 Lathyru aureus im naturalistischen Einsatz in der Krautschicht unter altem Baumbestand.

---

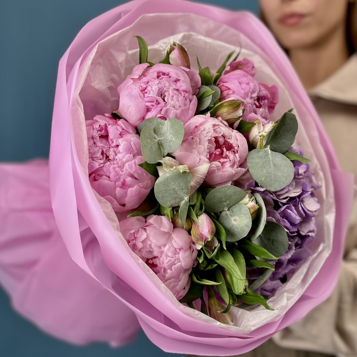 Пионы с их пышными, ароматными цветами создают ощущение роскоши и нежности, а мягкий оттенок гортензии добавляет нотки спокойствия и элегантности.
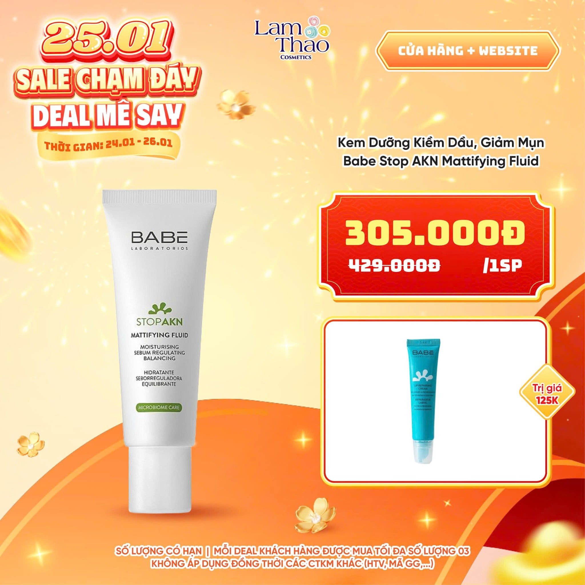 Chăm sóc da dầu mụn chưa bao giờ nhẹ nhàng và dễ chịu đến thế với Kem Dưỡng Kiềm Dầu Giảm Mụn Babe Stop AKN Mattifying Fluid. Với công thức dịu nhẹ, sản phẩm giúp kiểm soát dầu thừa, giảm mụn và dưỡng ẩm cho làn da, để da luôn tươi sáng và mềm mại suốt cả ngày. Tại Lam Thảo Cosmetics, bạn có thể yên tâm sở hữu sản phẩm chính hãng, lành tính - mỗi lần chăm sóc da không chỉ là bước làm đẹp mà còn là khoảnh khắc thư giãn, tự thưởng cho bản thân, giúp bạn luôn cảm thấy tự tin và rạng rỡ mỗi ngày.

* * *

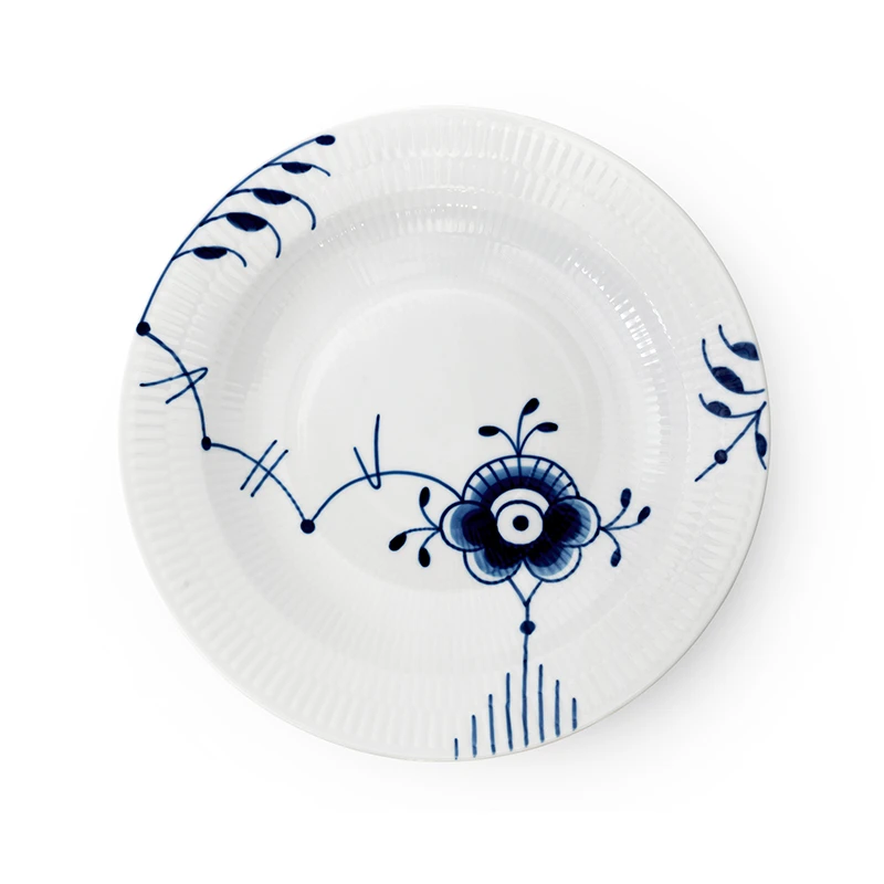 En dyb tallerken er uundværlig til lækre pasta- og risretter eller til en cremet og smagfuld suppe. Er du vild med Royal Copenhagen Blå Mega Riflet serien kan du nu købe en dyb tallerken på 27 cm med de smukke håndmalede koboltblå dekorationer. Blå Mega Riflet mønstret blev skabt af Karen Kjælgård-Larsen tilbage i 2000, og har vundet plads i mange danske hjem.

• **Task directions**
In the listing above, the required lines run from the line with "Пионы с их пышными, ароматными" through the line with "Chăm sóc da dầu". Output exactly those lines, omitting pictures.

• **Solution below**
 Пионы с их пышными, ароматными цветами создают ощущение роскоши и нежности, а мягкий оттенок гортензии добавляет нотки спокойствия и элегантности.
 Chăm sóc da dầu mụn chưa bao giờ nhẹ nhàng và dễ chịu đến thế với Kem Dưỡng Kiềm Dầu Giảm Mụn Babe Stop AKN Mattifying Fluid. Với công thức dịu nhẹ, sản phẩm giúp kiểm soát dầu thừa, giảm mụn và dưỡng ẩm cho làn da, để da luôn tươi sáng và mềm mại suốt cả ngày. Tại Lam Thảo Cosmetics, bạn có thể yên tâm sở hữu sản phẩm chính hãng, lành tính - mỗi lần chăm sóc da không chỉ là bước làm đẹp mà còn là khoảnh khắc thư giãn, tự thưởng cho bản thân, giúp bạn luôn cảm thấy tự tin và rạng rỡ mỗi ngày.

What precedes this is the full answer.